One may ask, why go to Jupiter? Don’t we already know everything we need to about it? After all it’s quite certain that life could not exist there, wouldn’t its moon Europa (most likely to contain life in our solar system) be a far more productive and enlightening research target? The answer is: Probably. We know much about Jupiter and it’s because of what we know that we must find out more. We believe that Jupiter was the first planet in our solar system to be formed, we also know that it is by far the heaviest of the planets in our solar system (heavier than all the other planets in the solar system put together) and most importantly we know that it was heavily involved in the creation of smaller planets such as Mercury, Mars, Venus and Earth. What we don’t fully know is how the planets in our solar system were formed and exactly what ingredients were used to form them.

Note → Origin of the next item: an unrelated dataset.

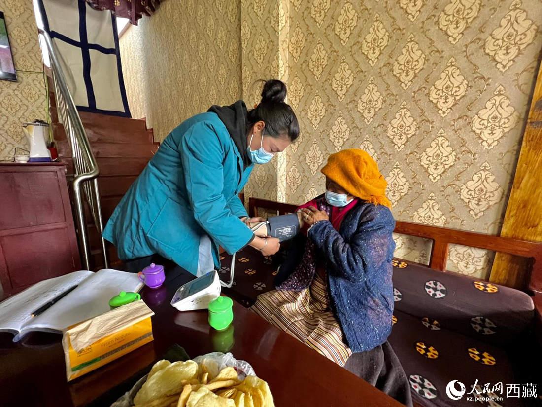 医护人员为老人定期测量血压。人民网 次仁罗布摄
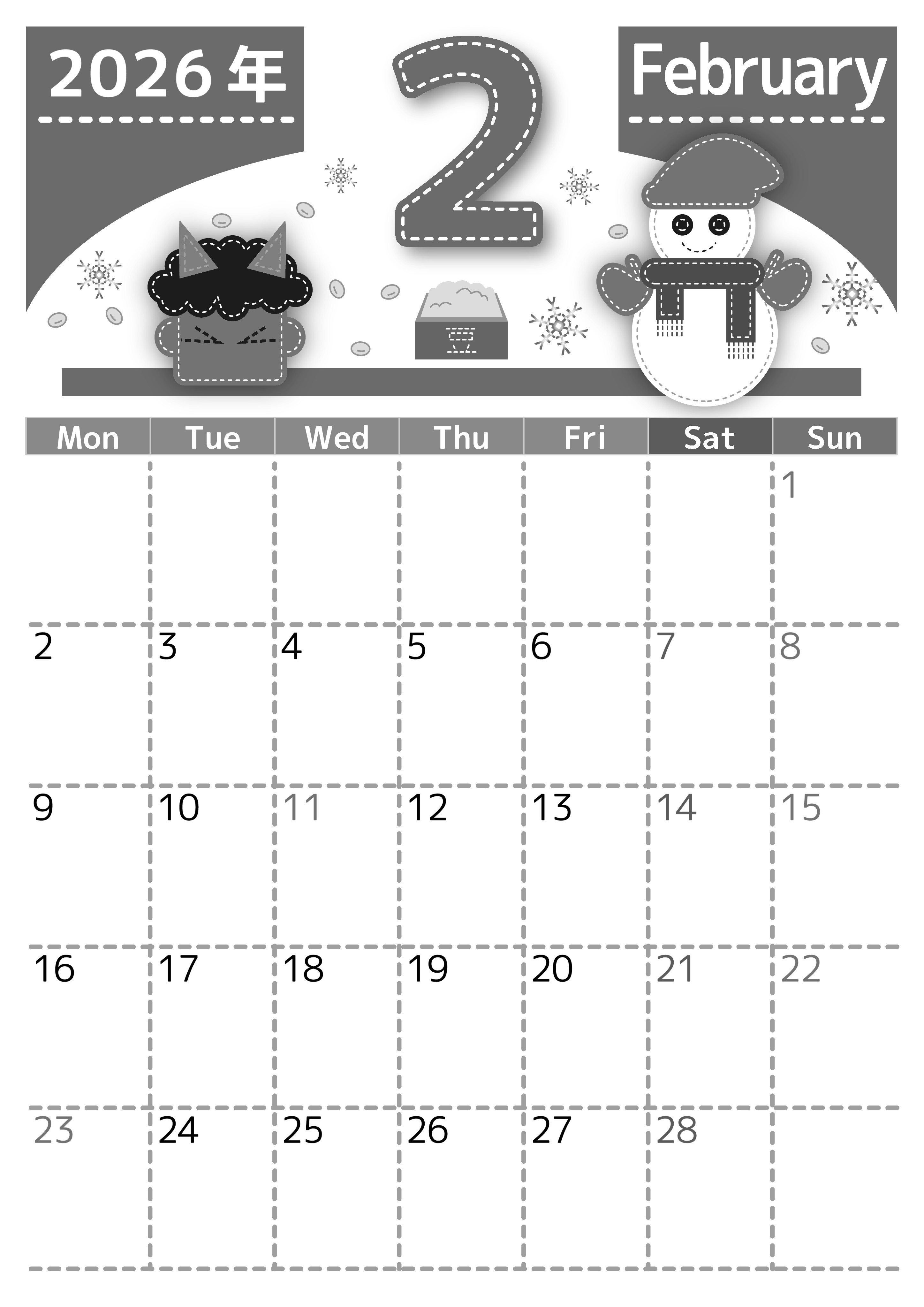 2026年・無料のカレンダーテンプレート 2026年2月縦型モノクロの月曜始まり イラストのかわいいA4無料白黒カレンダー(2026-00490211) 素材状デザイン王 2025年4月1日 2026年2月縦型モノクロの月曜始まりの無料テンプレート白黒カレンダーです。極寒の冬の心を温めてくれるようなかわいいデザイン素材です。(2026-00490211) 2月 縦型のカレンダー 月曜始まり 白黒 カレンダーデザイン-0049

Since over half the leftovers from the creation of our Sun were used in the formation of Jupiter, we can get a very detailed picture of the (elements available and their abundance) in the early solar system by closely analysing the elements that make up Jupiter. This will mainly be done through microwave sounding and the 2 main elements that the planet will be searched for are Nitrogen (in the form of Ammonia) and Oxygen (in the form of water).
Secondly, we are aware that the core of Jupiter has a higher temperature than even the surface of the Sun however we are unsure of what it is made of. Considering this core is also the cause of Jupiter’s incredible magnetosphere which is 20,000 times the size of that of the Earth and the fact that this magnetosphere is what gives rise to the never ending geomagnetic storms and auroral lights around Jupiter, it would be quite useful to find out what the core is made of.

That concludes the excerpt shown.